1. Extend the constructor for PetriNet to accept a dictionary from transitionName to a number, which will give the relative probability of that transition firing. Modify the firing rule logic to use these values. This is a step in the direction of the stochastic Petri nets covered in the next article.

2. Make a prediction about the overall evolution of the system, given fixed probabilities for synthesis and dissociation, and then run the program to see if your prediction is confirmed.
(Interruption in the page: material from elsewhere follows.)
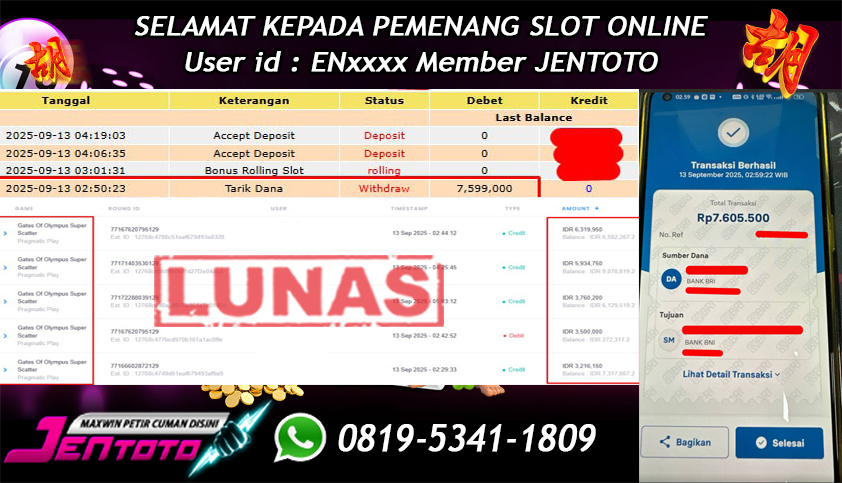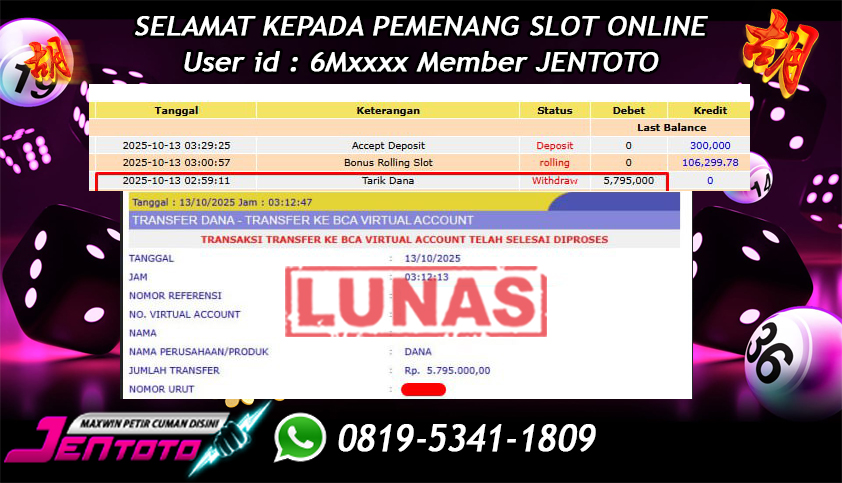 Selamat Kepada Member Jentoto dengan User ID : 6M***, hari ini tanggal 13 Oktober 2025 berhasil memenangkan JP di permainan slot gacor maxwin Pragmatic Play hari ini dengan nominal sebesar Rp 5.795.000 dan sudah di bayar LUNAS!!

3. If you like, improve the usability of the script, by passing the model parameters from the command line. Use sys.argv and eval. You can use single quotes, and pass a string like “{‘H’:5, ‘O’:3, ‘H2O’:4}” from the command line.

### Acknowledgements

Thanks to David Tweed and Ken Webb for reviewing the code and coming up with improvements to the specification syntax for the Petri nets. Thanks to Jacob Biamonte for the diagrams, and to John Baez for editorial support.

### Appendix: Notes on the language interpreter

The sample program is written in Python, which is a low-fuss scripting language with abstraction capabilities. The language is well-suited for proof-of-concept programming, and it has a medium-sized user base and support community.

You have a few distributions to choose from:

• If you are on a Linux or Mac type of system, it is likely to already be installed. Just open a shell and type “python.” Otherwise, use the package manager to install it.

• In Windows, you can use the version from the python.org web site. Alternatively, install cygwin, and in the installer, select Python, along with any of your other favorite Linux-style packages. Then you can partially pretend that you are working on a Linux type of system.

• The Enthought Python distribution comes packaged with a suite of Python-based open-source scientific and numeric computing packages. This includes ipython, scipy, numpy and matplotlib.

The program is distributed as a self-contained script, so in Linux and cygwin, you can just execute ./petri1.py. When running this way under cygwin, you can either refer to the cygwin version of the Python executable, or to any of the native Windows versions of interpreter. You just need to adjust the first line of the script to point to the python executable.